**** Records shown ****
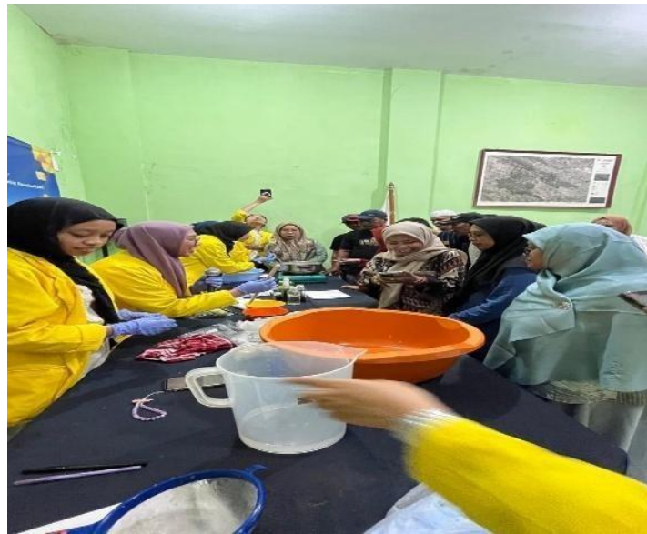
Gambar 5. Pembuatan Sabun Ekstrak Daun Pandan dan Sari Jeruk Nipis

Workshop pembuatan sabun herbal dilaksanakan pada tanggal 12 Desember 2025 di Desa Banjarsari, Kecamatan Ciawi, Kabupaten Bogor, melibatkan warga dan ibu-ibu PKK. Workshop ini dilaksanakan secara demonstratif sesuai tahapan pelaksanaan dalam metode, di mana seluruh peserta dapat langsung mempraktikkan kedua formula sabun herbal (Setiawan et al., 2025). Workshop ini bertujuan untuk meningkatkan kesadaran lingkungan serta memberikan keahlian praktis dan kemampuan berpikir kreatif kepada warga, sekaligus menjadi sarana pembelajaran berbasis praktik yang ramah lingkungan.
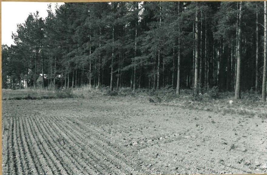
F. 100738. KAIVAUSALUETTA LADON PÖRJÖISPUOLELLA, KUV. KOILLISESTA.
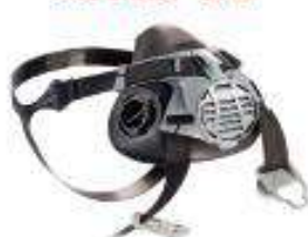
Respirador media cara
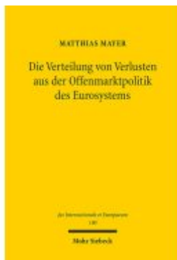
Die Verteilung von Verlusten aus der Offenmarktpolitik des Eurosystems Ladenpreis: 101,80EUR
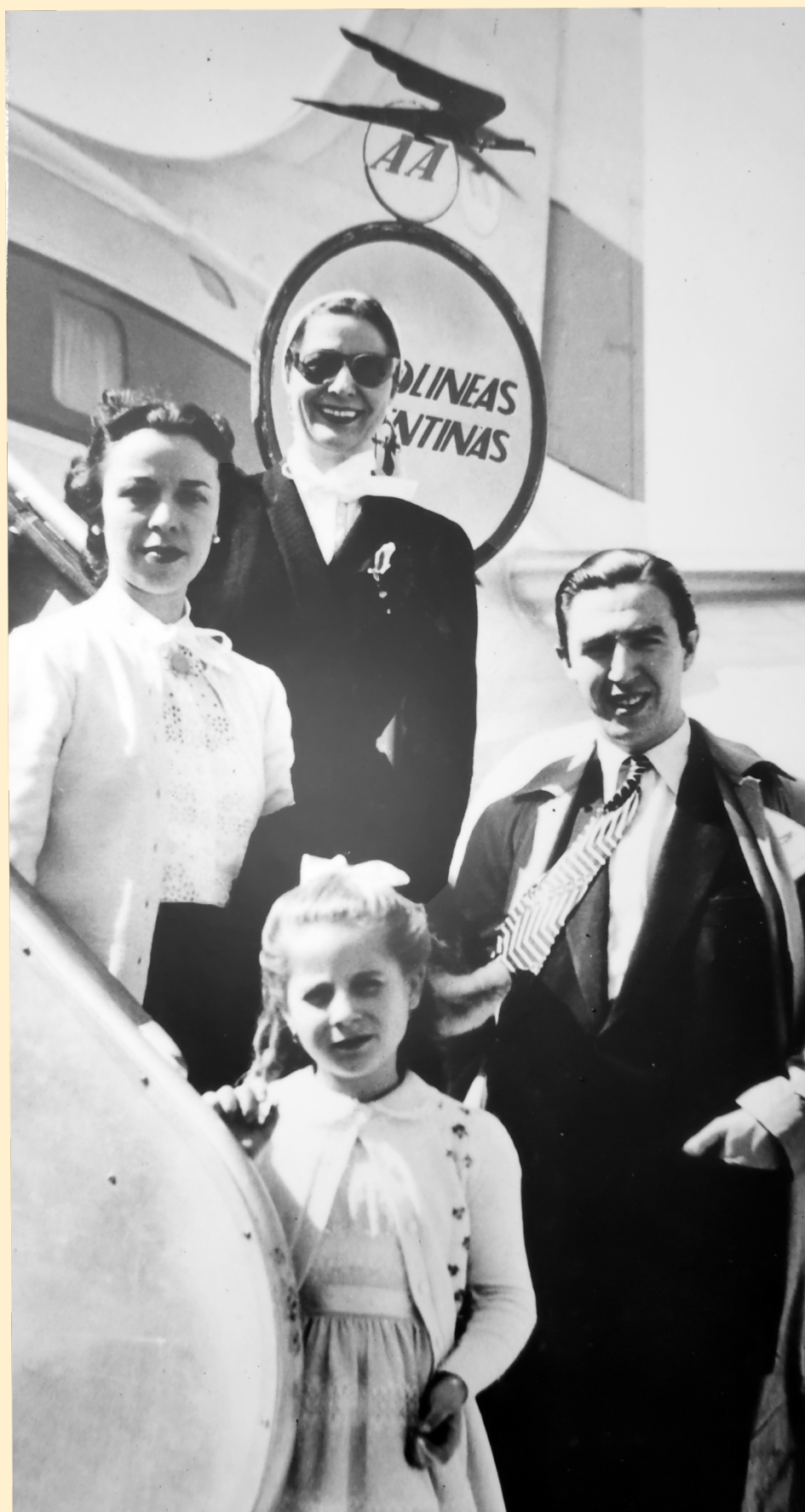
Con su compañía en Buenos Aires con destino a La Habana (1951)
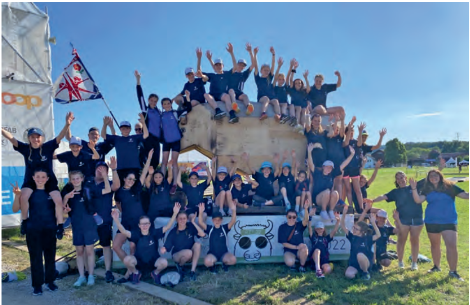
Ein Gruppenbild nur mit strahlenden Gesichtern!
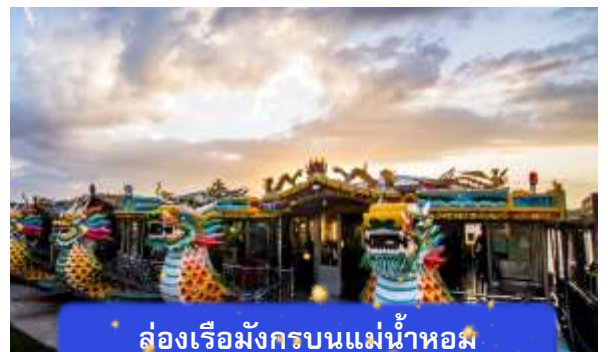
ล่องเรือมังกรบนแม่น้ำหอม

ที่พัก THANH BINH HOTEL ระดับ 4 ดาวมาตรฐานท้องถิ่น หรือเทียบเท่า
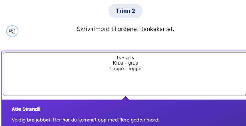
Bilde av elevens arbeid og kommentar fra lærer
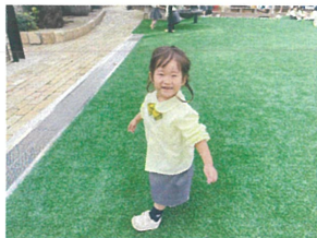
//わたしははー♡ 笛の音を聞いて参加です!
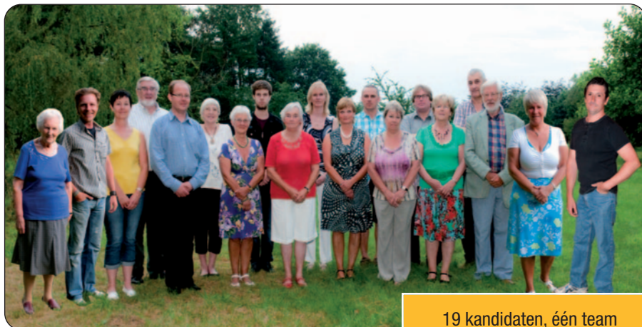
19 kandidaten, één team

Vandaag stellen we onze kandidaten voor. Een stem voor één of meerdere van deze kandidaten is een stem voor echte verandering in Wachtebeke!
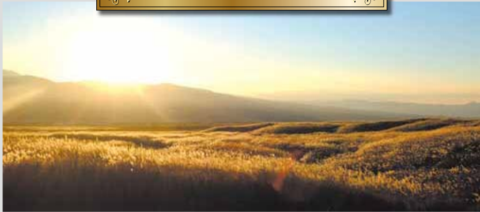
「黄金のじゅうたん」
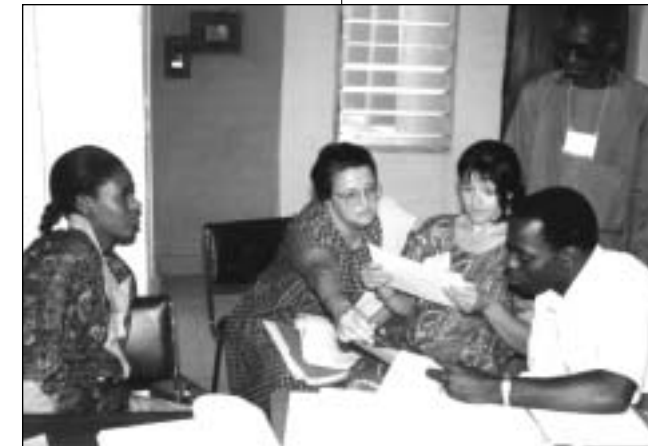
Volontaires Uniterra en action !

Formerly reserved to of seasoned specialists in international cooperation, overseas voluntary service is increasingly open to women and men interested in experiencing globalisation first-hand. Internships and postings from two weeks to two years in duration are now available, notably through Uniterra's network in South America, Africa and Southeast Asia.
****
**** Records shown ****
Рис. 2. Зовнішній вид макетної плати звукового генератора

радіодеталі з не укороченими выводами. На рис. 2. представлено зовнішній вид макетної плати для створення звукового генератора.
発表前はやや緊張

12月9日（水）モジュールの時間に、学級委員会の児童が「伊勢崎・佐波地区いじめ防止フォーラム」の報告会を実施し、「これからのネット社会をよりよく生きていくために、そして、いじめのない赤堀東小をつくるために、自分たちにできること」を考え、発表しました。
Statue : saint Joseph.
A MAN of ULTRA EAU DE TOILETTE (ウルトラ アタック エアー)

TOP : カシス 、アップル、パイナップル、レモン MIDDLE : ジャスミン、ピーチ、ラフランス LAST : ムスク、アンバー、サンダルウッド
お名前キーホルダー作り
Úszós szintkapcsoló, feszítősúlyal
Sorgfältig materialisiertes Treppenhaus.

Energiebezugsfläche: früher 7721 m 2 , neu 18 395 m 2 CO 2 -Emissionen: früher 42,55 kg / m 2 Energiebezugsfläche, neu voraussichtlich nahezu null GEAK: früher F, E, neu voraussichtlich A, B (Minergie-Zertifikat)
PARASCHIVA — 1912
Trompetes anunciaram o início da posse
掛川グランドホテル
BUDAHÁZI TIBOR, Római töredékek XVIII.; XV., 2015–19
****
• [Aim of the exercise]: Write out, word for word, the stretch of entries that begins at the line with "ล่องเรือมังกรบนแม่น้ำหอม" and ends at the line with "Formerly reserved to". Pictures do not belong in it.

• [Expected answer]:
ล่องเรือมังกรบนแม่น้ำหอม

ที่พัก THANH BINH HOTEL ระดับ 4 ดาวมาตรฐานท้องถิ่น หรือเทียบเท่า
Bilde av elevens arbeid og kommentar fra lærer
//わたしははー♡ 笛の音を聞いて参加です!
19 kandidaten, één team

Vandaag stellen we onze kandidaten voor. Een stem voor één of meerdere van deze kandidaten is een stem voor echte verandering in Wachtebeke!
「黄金のじゅうたん」
Volontaires Uniterra en action !

Formerly reserved to of seasoned specialists in international cooperation, overseas voluntary service is increasingly open to women and men interested in experiencing globalisation first-hand. Internships and postings from two weeks to two years in duration are now available, notably through Uniterra's network in South America, Africa and Southeast Asia.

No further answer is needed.